Homunculus Reticulli
Homunculus Reticulli

Reputation: 68466

Python regex to parse financial data

I am relatively new to regex (always struggled with it for some reason)...

I have text that is of this form:

David Meredith, Financial Director sold post-exercise 15,000 shares in the company on YYYY-mm-dd at a price of 1044.00p. The Director now holds 6,290 shares representing 0.01% of the...

Mark Brookes, Non Executive Director bought 811 shares in the company on  YYYY-mm-dd at a price of 76.75p. The Director now holds 189,952 shares representing 0.38% of the shares in...

Albert Ellis, CEO bought 262 shares in the company on YYYY-mm-dd at a price of 52.00p. The Director now holds 465,085 shares. NOTE: Purchased through Co's SIP Story provided by...
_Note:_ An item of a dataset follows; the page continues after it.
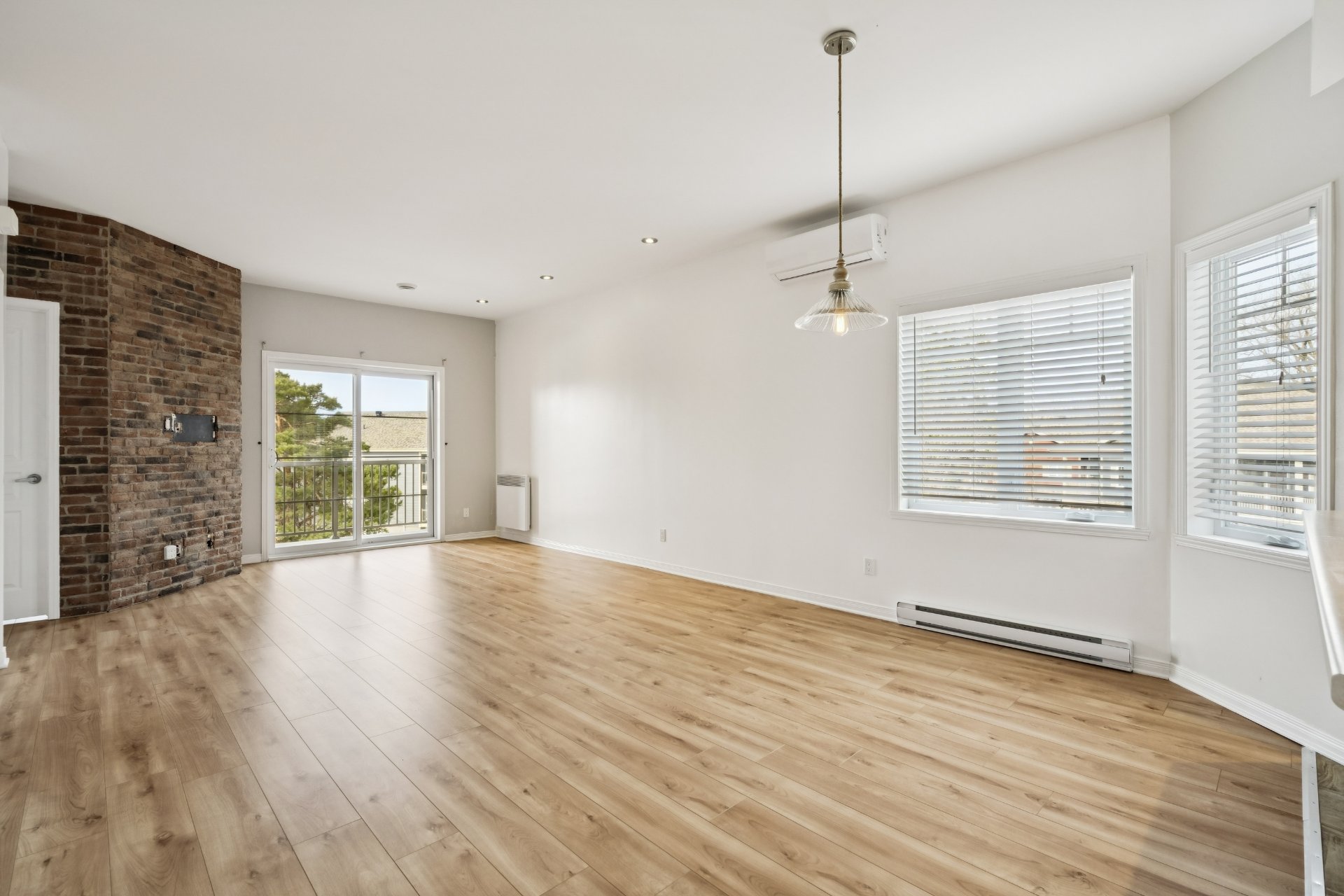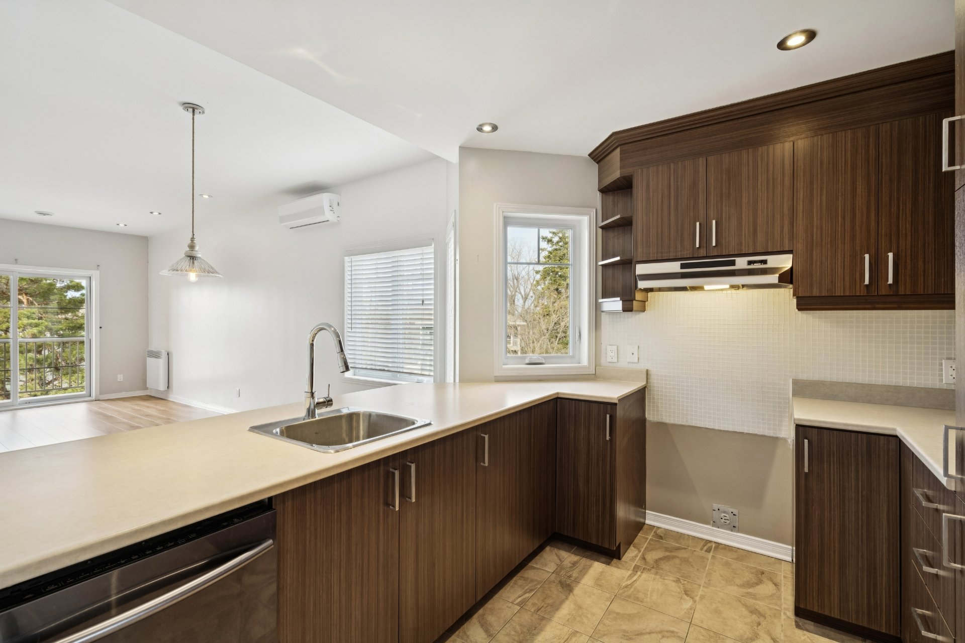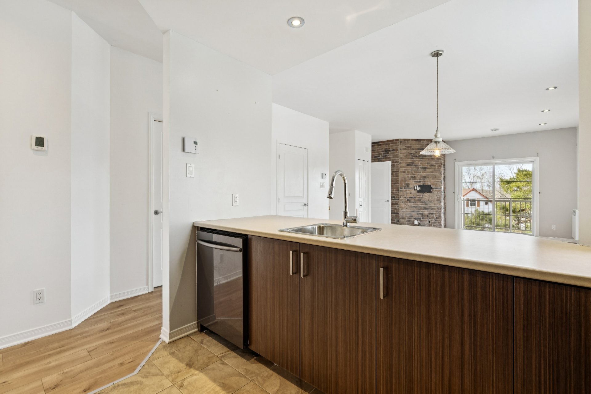 Bright condo of nearly 1,050 sq. ft.! Located on the 2nd floor of a quiet building, this beautiful corner unit offers spacious rooms and abundant natural light. Modern, functional kitchen with plenty of storage and updated flooring throughout. Includes a large living room, 2 good-sized bedrooms, and a separate laundry room. Features: wall-mounted heat pump, balcony and large private terrace, 1 garage, 1 outdoor parking space, and storage. Located in a sought-after wooded area near the river, perfect for scenic walks, within a well-managed condominium. A visit will convince you!

Parsing the text reveals the following structure:

  1. Two or more words beginning the sentence, and before the first comma, is the name of the person involved in the transaction
  2. One or more words before ('sold'|'bought'|'exercised'|'sold post-exercise') is the title of the person
  3. Presence of either one of these: ('sold'|'bought'|'exercised'|'sold post-exercise') AFTER the title, identifies the transaction type
  4. first numeric string following the transaction type ('sold'|'bought'|'exercised'|'sold post-exercise') denotes the size of the transaction
  5. 'price of ' preceeds a numeric string, which specifies the price at which the deal was struck.

My question is:

How can I use this knowledge (and regex), to write a function that parses similar text to return the variables of interest (listed 1 - 5 above)?

Pseudo code for the function I want to write ..

def grok_directors_dealings_text(text_input):
    name, title, transaction_type, lot_size, price = (None, None, None, None, None)
    ....
    name = ...
    title = ...
    transaction_type = ...
    lot_size = ...
    price = ...

    pass

How would I use regex to implement the functions to return the variables of interest when passed in text that conforms to the structure I have identified above?

[[Edit]]

For some reason, I have seemed to struggle with regex for a while, if I am to learn from the correct answer here on S.O, it will be much better, if an explanation is offered as to why the magical expression (sorry, regexpr) actually works.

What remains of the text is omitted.